Executive management
Our executive leadership team (ELT) is responsible for overseeing the management‑level processes, controls and governance used to manage sustainability‑related risks and opportunities across the business. In this role, the ELT integrates sustainability considerations into corporate strategy, long‑range planning and operational decision making. The ELT manages climate-related risks and opportunities and drives the business in implementing climate-related activities, including:
- Reviewing and approving carbon pricing forecasts for inclusion in our long-range planning and project authorization reviews.
- Supporting climate-related Variable Compensation Incentive Plan (VCIP) milestones.
- Reviewing the greenhouse gas (GHG) emissions expected to result from our Long-Range Plan and an analysis of peer emissions.
- Reviewing low carbon investment opportunities.
The Executive Vice President (EVP) and Chief Financial Officer (CFO), Strategy and Commercial, reports to the CEO and has overall accountability for corporate planning and development, including corporate strategy and long-range planning as well as ultimate responsibility for climate risk management and the implementation of our emissions reduction target framework. In addition, the Sustainability and Public Policy Executive Council (SPEC), a subgroup of the ELT, has global oversight of existing and emerging sustainability and public policy risks and trends including governance, strategic planning, risk management and public reporting. The SPEC consists of the following executives:
- Chief Financial Officer and EVP Strategy & Commercial
- EVP, Lower 48 & Global HSE
- EVP, Global Operations & Technical Functions
- SVP, Legal and General Counsel
- SVP, Government Affairs
- SVP, Human Resources and Real Estate and Facilities Services
Members of SPEC were briefed regularly in 2025 on priority topics such as operational emissions reductions, biodiversity, water, human rights and stakeholder engagement. The council’s scope includes:
- Reviewing and approving public policy and sustainability policies, positions, strategies, goals and actions on priority matters including those related to climate change.
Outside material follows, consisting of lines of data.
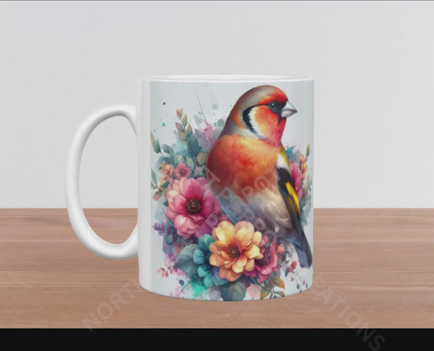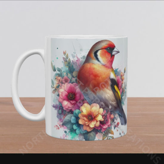 Elevate your daily coffee ritual with this 15oz ceramic mug, featuring a delicate watercolor illustration of a charming finch nestled amidst blooming flowers. Crafted for both beauty and practicality, it offers ample capacity for your favorite beverages while adding an elegant touch to your kitchen or office. This artful design blends nature’s grace with refined craftsmanship, making it a perfect companion for moments of calm and inspiration.
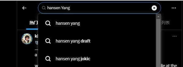 ?在某社交网站搜索“杨瀚森”会出现“杨瀚森约基奇”下拉词条 xiaoqiao 2025年07月15日 22:07 102 0 7月13日讯 今日NBA夏季联赛开拓者86-96不敌灰熊。本场比赛杨瀚森得到10分5篮板3助攻1盖帽5失误3犯规。值得一提的是,在某知名社交网站上搜索hansen yang会显示hansen yang jokic(杨瀚森约基奇)的下拉词条。
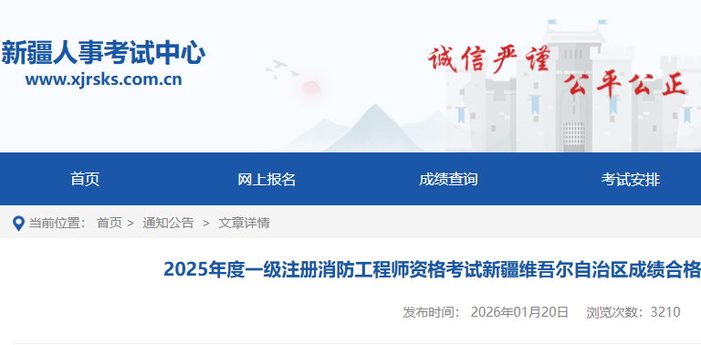 新疆2025年一级消防工程师考试成绩合格、拟取得资格证书人员公示
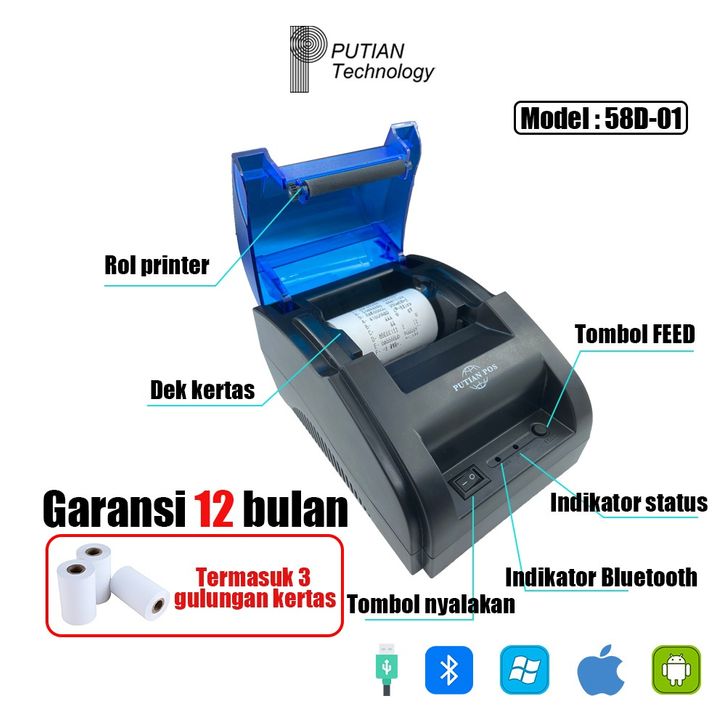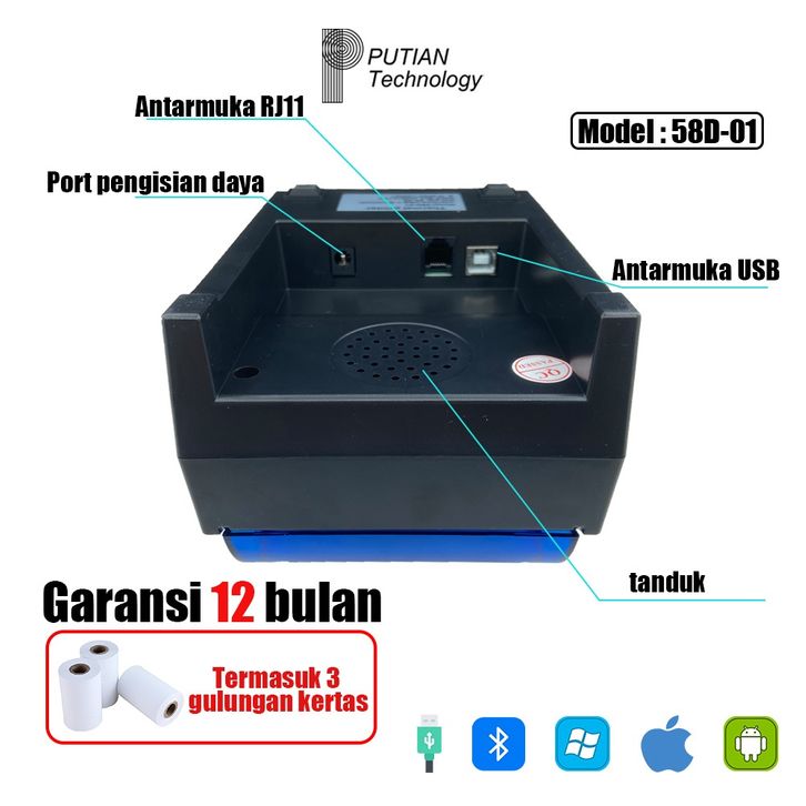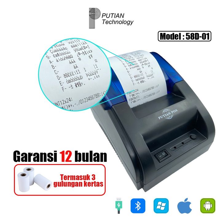 Mini Thermal Printer PUTIAN POS Printer Bluetooth Termal 58D-01 Kasir Printer Mini Portabel/Dukungan PPOB Bluetooth+USB
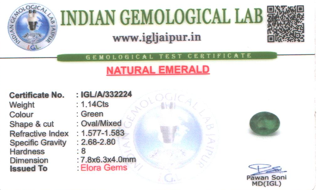 Natural Emerald (Maragadham) weighing 1.14 carats In Oval
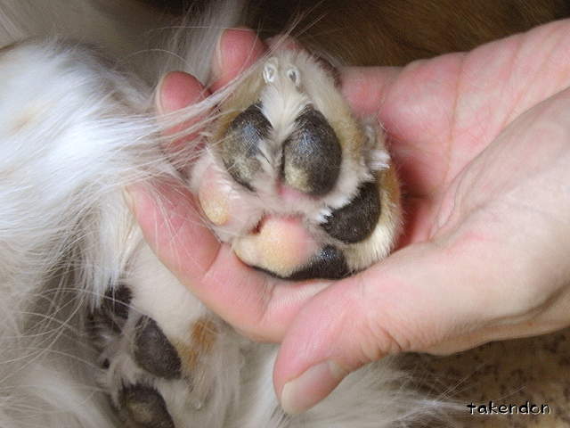 リン君の肉球、ピンク・・・というより白いのね♪
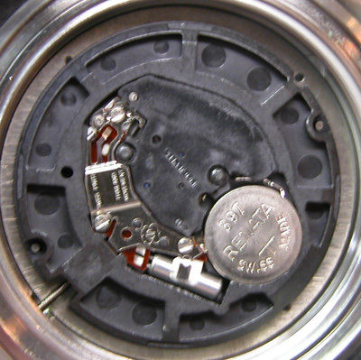 綺麗になったケースにムーブメントをもどして電池格納部をチェック。
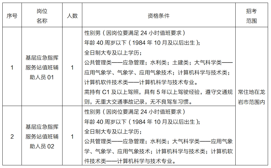 3.工作時(shí)間與休息安排:納入龍巖市應(yīng)急管理局統(tǒng)一值班。工作時(shí)間一般為上班一天,24小時(shí),休息兩天。
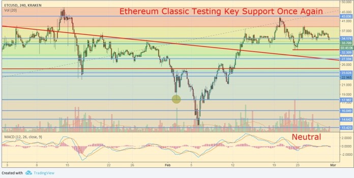Ethereum Classic đang giao dịch trong khoảng 32 USD đến 34 USD một lần nữa, vì nó tiếp tục được điều chỉnh mức tăng của đợt phục hồi đầu tuần.
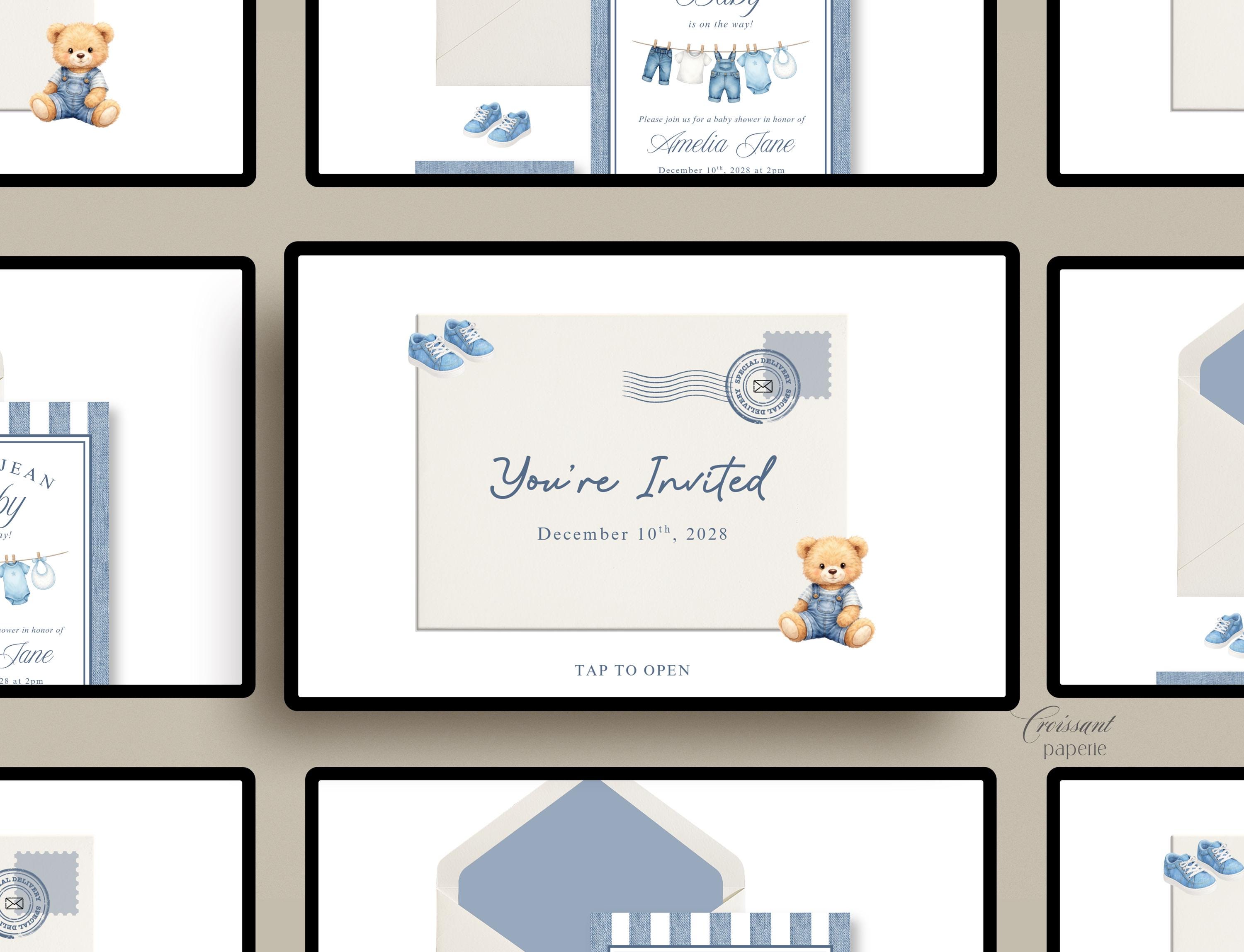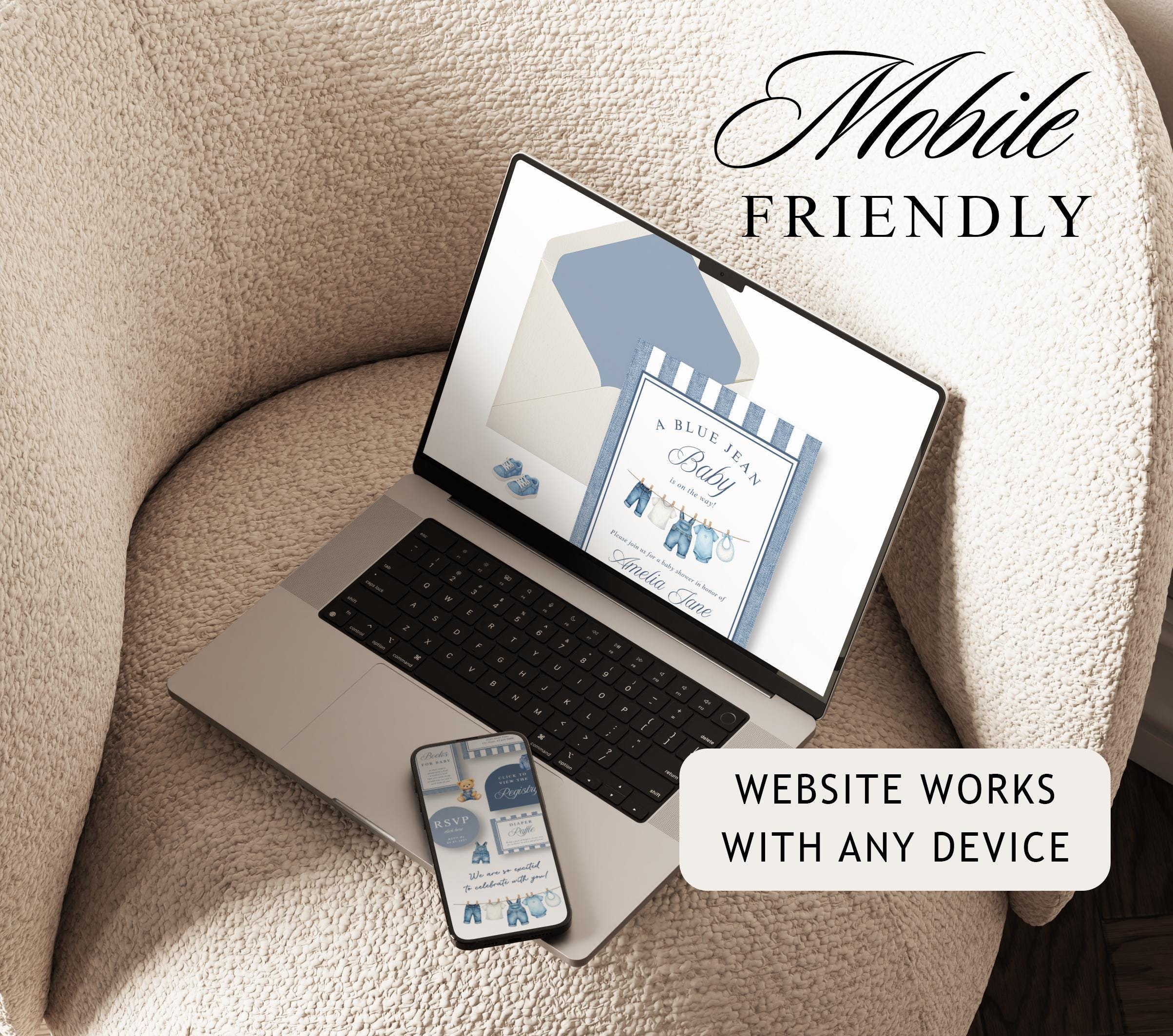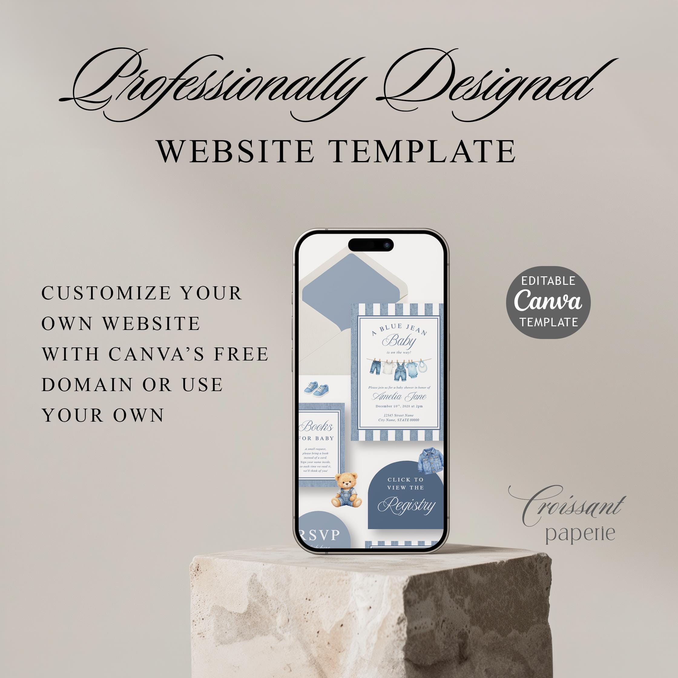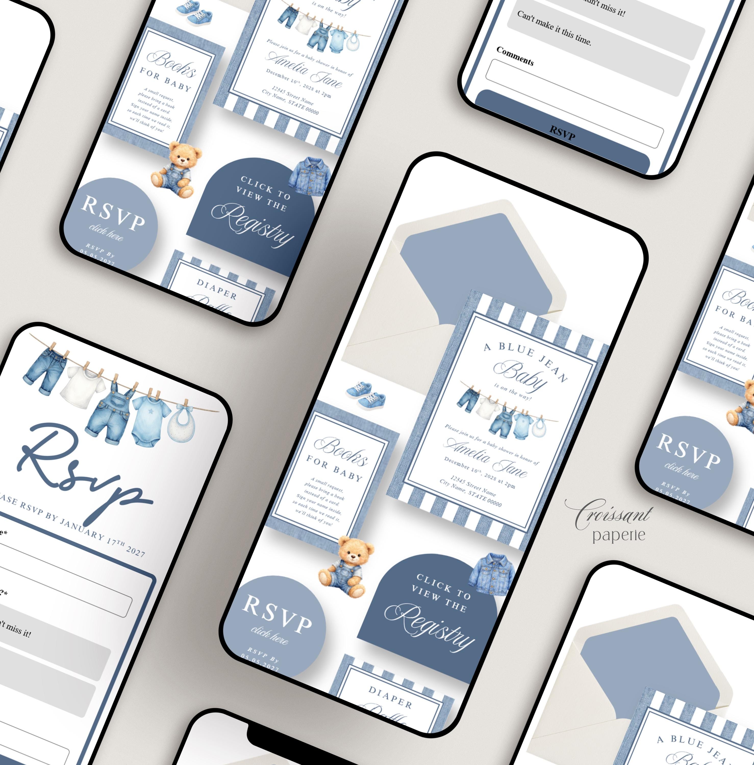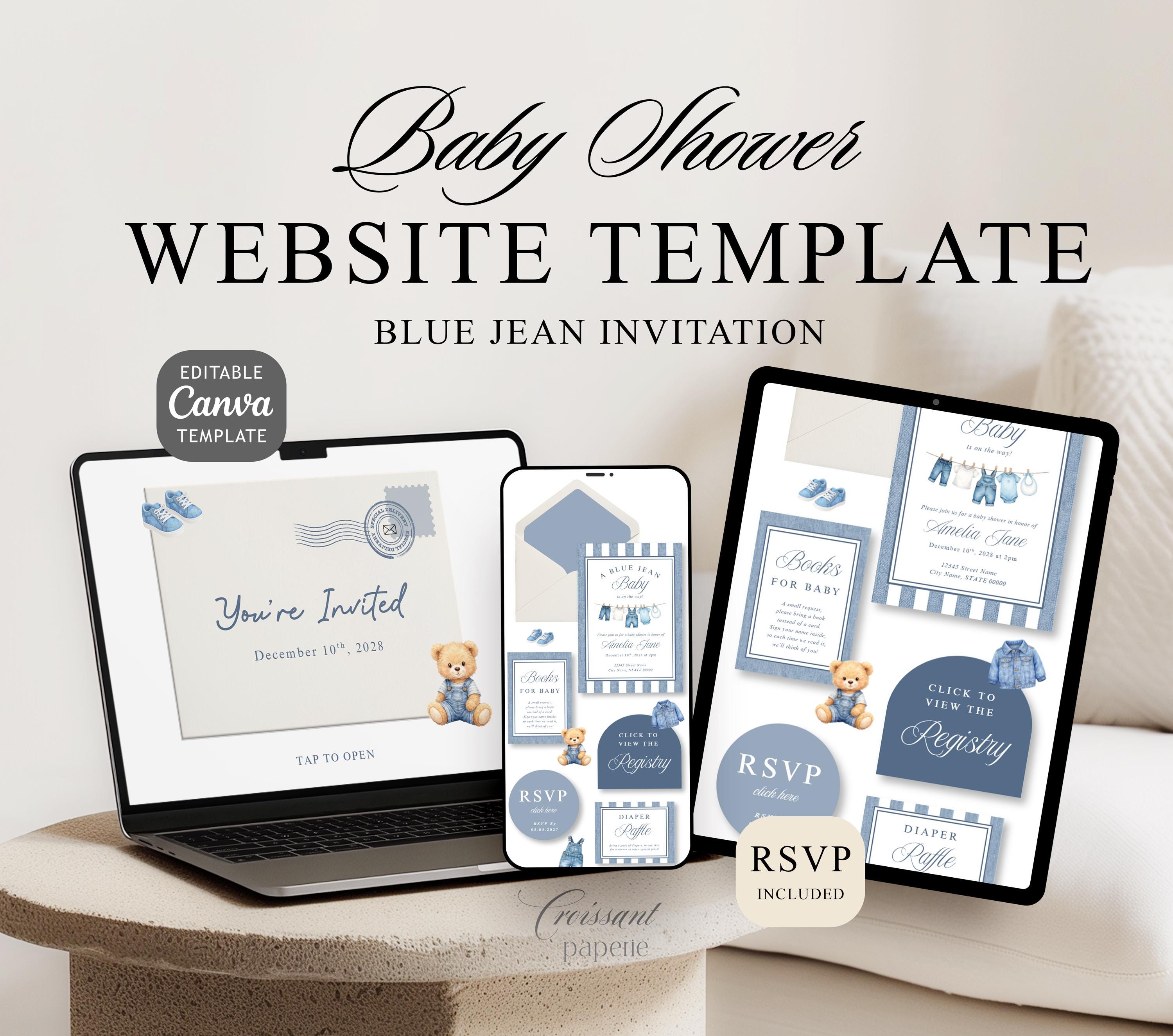 Blue Jean Baby Shower Website Template with RSVP, Editable Canva Website, Denim Western Digital Invitation Bear Digital Website Invite,

- Reviewing risk trends and addressing tactical implementation issues and decisions related to GHG target setting at the BU level to ensure alignment with corporate targets.
- Prioritizing resource allocation to internal emissions reductions activities and external engagement and initiatives.
- Recommending which issues warrant additional executive leadership, full ELT review or additional board engagement.
- Reviewing and endorsing agenda and meeting content for the PPSC of the board.
The SPEC plays a critical role in linking the board of directors and the business on public policy and sustainability risks and trends that could affect our business activities and performance, including climate and nature-related risks. The scope of the SPEC is aligned with the scope of oversight of the PPSC, with the exception of health, safety and security.
Incentives and performance integration
Executive and employee compensation is linked to sustainability performance through our Variable Cash Incentive Program (VCIP), the company’s annual performance‑based cash bonus. VCIP payouts are determined using company, business unit and individual performance goals and performance categories including financial, operations, and health-safety-environment performance as well as strategic milestones.
In 2025, one of the strategic milestones was the goal of achieving annual emissions intensity levels aligned with the 2030 target trajectory range and advancing action plans for priority environmental and social risks including tracking progress against mitigation activities.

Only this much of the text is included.